Macarthur-Onslow, Elizabeth (1840–1911)
Macarthur-Onslow, Elizabeth (1840–1911)
Australian property owner and businesswoman . Born on May 8, 1840, at Camden Park, Menangle, New South Wales; died on August 2, 1911, while visiting England; only child of James Macarthur and Emily (Stone) Macarthur; granddaughter of Australian wool industry pioneers Elizabeth Macarthur (1767–1850) and John Macarthur; married Arthur Alexander Walton Onslow (a navy captain), on January 31, 1867 (died 1882); children: six sons and two daughters (one son and one daughter died in infancy).
The only child of James Macarthur, scion of an Australian family that had amassed a fortune in the sheep industry, and Emily Stone Macarthur , Elizabeth Macarthur-Onslow was born on May 8, 1840, at the family estate of Camden Park in New South Wales. She was educated at home and as a young adult spent four years on a European "Grand Tour" with her parents. In January 1867, she married Arthur Onslow, a captain in the navy.

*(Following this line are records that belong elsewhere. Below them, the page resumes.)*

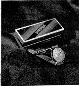
Die gute, zuverlässige Arm- banduhr ist wertvoll und geschätzt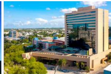
5* Hyatt Regency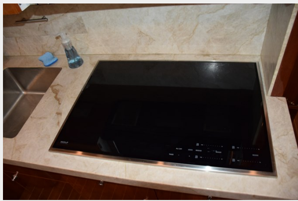
Wolf Induction Stovetop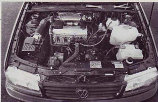
Motor: zanesljiv in kultiviran

Ta passat je po svoji zasnovi namenjen vsem tistim, ki s seboj prevažajo več prtljage, kot je normalno. Prtljažni prostor ob dvignjeni zadnji klopi meri v dolžino 106 centimetrov, širok je 136 centimetrov, žal pa se malo preveč zoži med zadnjim kolesnim pa-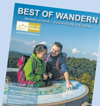
Druckfrisch erschienen, das neue Best-of-Wandern-Magazin, kostenlose Bestellung unter www.best-of-wandern.de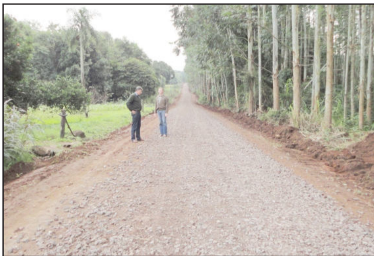
Britado colocado nas estradas do interior melhora a durabilidade

Já nas áreas não pavimentadas, a Secretaria de Obras conta com a atuação de uma máquina para quebrar pedras e um britador para produzir um britado de excelente qualidade para a recuperação das estradas. O material já está disponível para ser utilizado nas estradas principais do interior e também na zona urbana.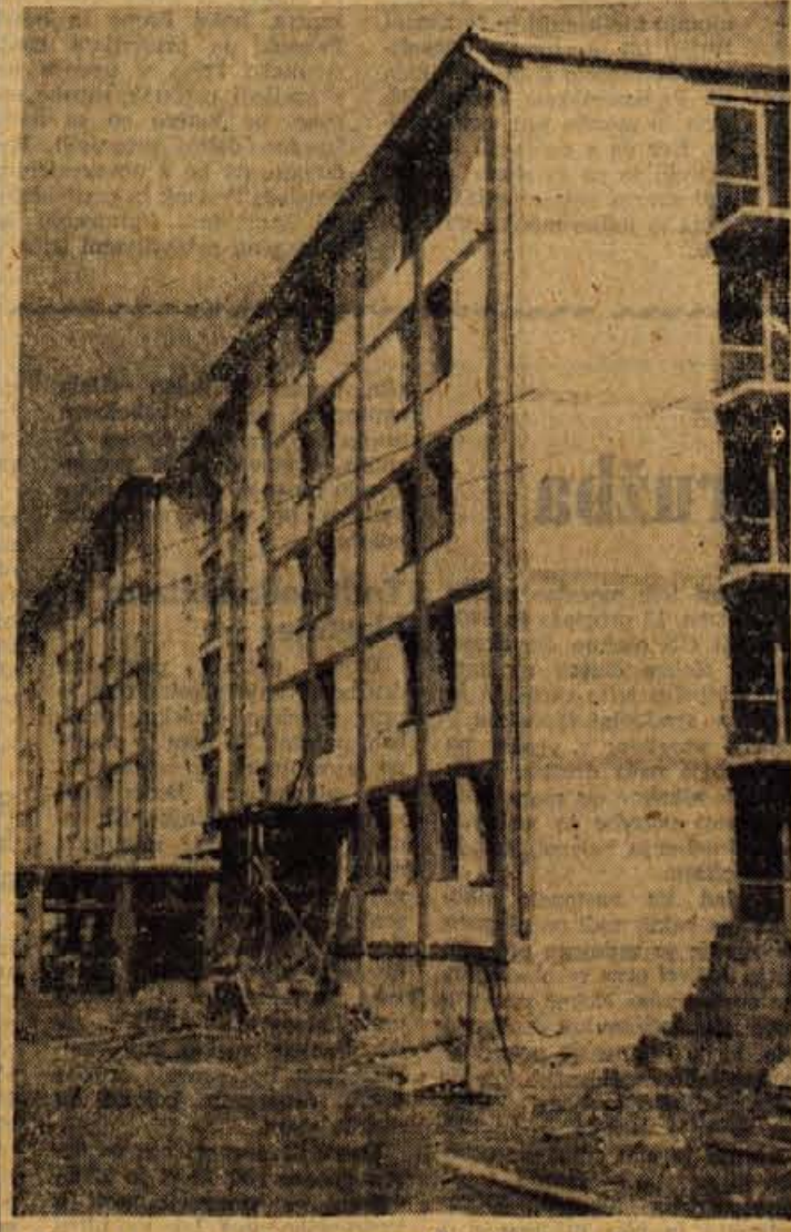
Dela na samskem domu tovarne Tekstilindus v Kranju so se v zadnjem času premaknila. Odprli ga bodo poleti 1964. V njem bodo 104 sobe z eno ali dvema posteljama. Prav tako bo tam restavracija in kuhinja k zmogljivosti 250 obrokov, otroško zavetišče za 40 do 60 malčkov, ena večja soba za razne potrebe in prostori za lekarno, ki jo v Stražišču pogrešajo.

Delo so igralci študirali popolnoma ločeno z domačima režiserjema tov. Klavrom in tov. Valencijem. Okvirno pa je dela povezal prof. Mahnič iz Ljubljane. Premiera, ki bo v petek, bo prav gotovo zanimala Kranjčane, saj bo to prva predstava domače dramske skupine. — T. V.

With her father's death later that year, she inherited a share in Camden Park as well as valuable real estate elsewhere in the state. Her husband died in 1882, and at the end of that decade she lived abroad for several years with her surviving six children while studying recent improvements in the dairy industry. Around 1890, the deaths of two childless uncles brought the whole of the Macarthur property into her possession.
Macarthur-Onslow (she legally adopted this name in 1892) returned to Australia and established profitable dairies and a central creamery at Camden Park. The dairies were set up in a semi-cooperative style, with workers and their families provided with housing, equipment, and 60 head of cattle each. The resulting milk, cream and butter were heavily promoted as "hygienic" due to the use of steam processing. Macarthur-Onslow also planted mulberry trees at the estate to use in breeding silkworms for raw silk, and was a member of the Women's Cooperative Silk-Growing and Industrial Association and the Victorian Silk Culture Association. A local philanthropist, she contributed to the Agricultural Society, Camden's School of the Arts, and Macarthur Park, and was a member of the women's branch of the Society for the Prevention of Cruelty to Animals. Possessed of sharp business acumen, she converted the family estate into a corporation in 1899, naming her children as shareholders and thus consolidating the fortune.
sources:
Radi, Heather, ed. 200 Australian Women: A Redress Anthology. NSW, Australia: Women's Redress Press, 1988.